▶ **TASK DIRECTIONS**: Omit any pictures, and restate word for word only the lines from the one with "Rəsmi məzənnələr açıqlandı" through the end of the data below.

▶ **STORED DATA**:
------------------------------------

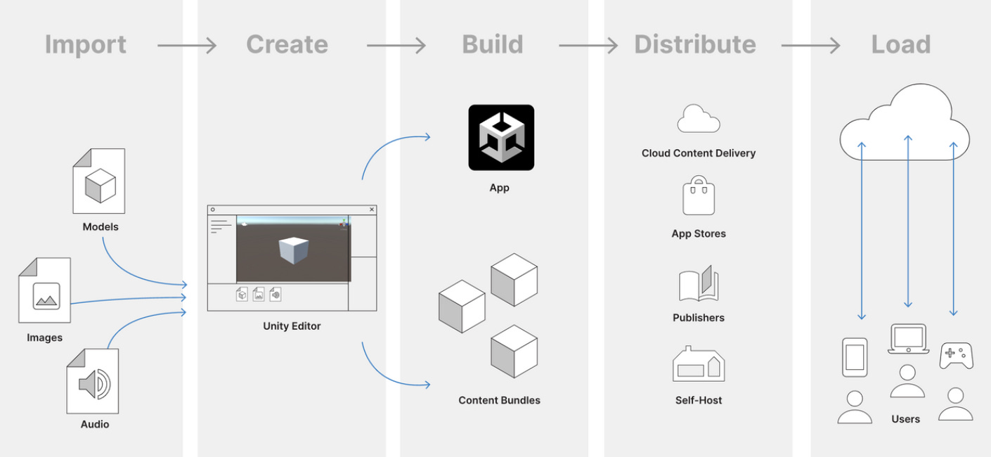 目前游戏行业中最流行的游戏框架是Unity。Unity 是由 David Helgason、Nicholas Francis、Joachim Ante 三位年轻人在2004创立 ,2020年在交所上市,目前市值160亿美金。Unity的发起起源于当时游戏开发成本及其的高昂,动辄几十万美金的开发成本,于是这三个年轻人从车库开始发喊出了“让游戏开发引擎的大众化”(Democratizing The Game Engine)的口号。截止目前,Unity占据了48%的市场份额,累计服务超过全球27亿的游戏玩家用户,超过70%的游戏都会基于Unity开发。
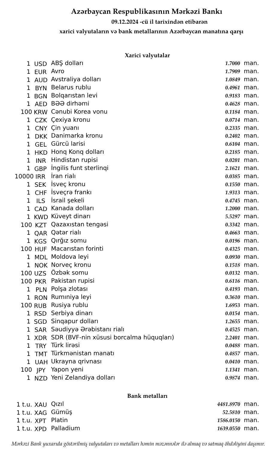 Rəsmi məzənnələr açıqlandı
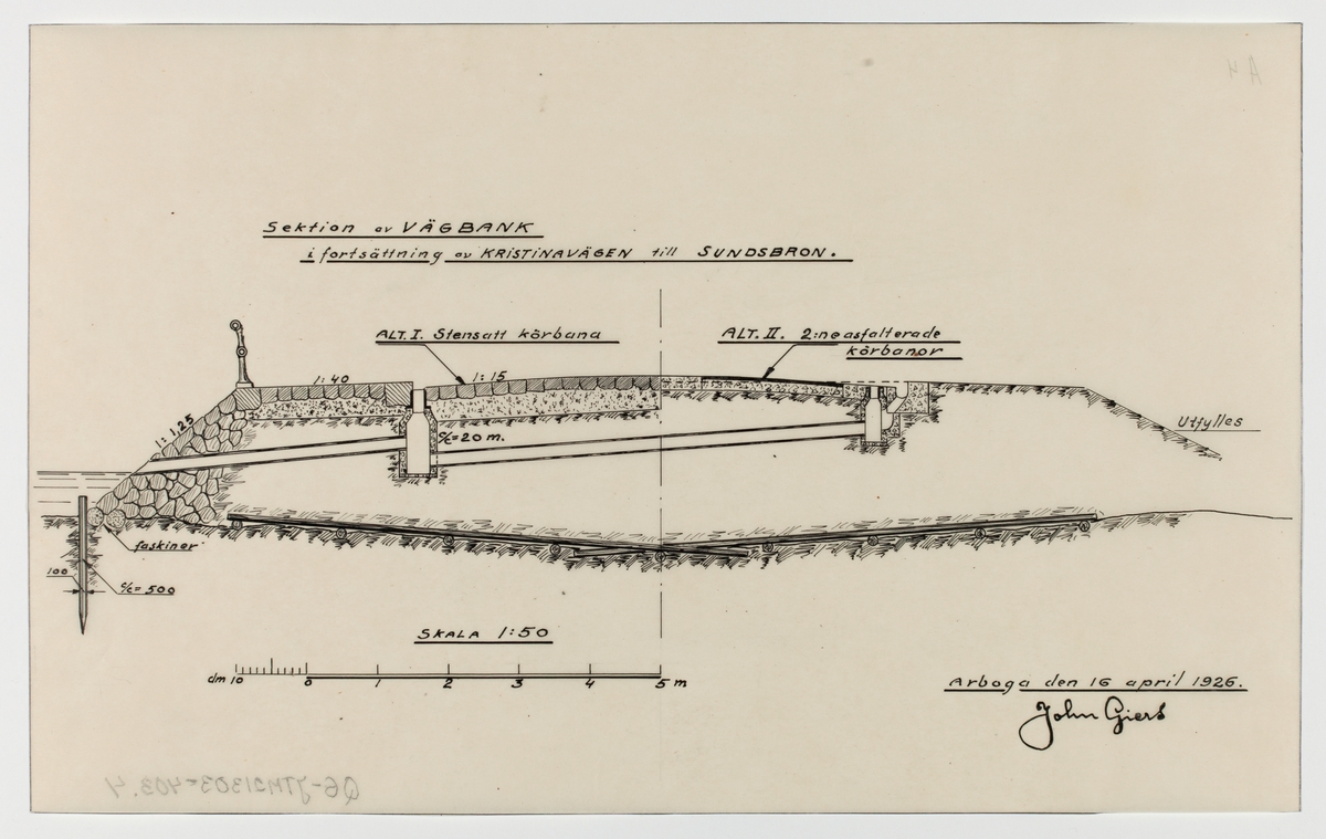 Ritning av sektion av vägbank i fortsättning av Kristinavägen till Sundbron.

------------------------------------

▶ **SOLUTION TO THIS TASK**:
 Rəsmi məzənnələr açıqlandı
 Ritning av sektion av vägbank i fortsättning av Kristinavägen till Sundbron.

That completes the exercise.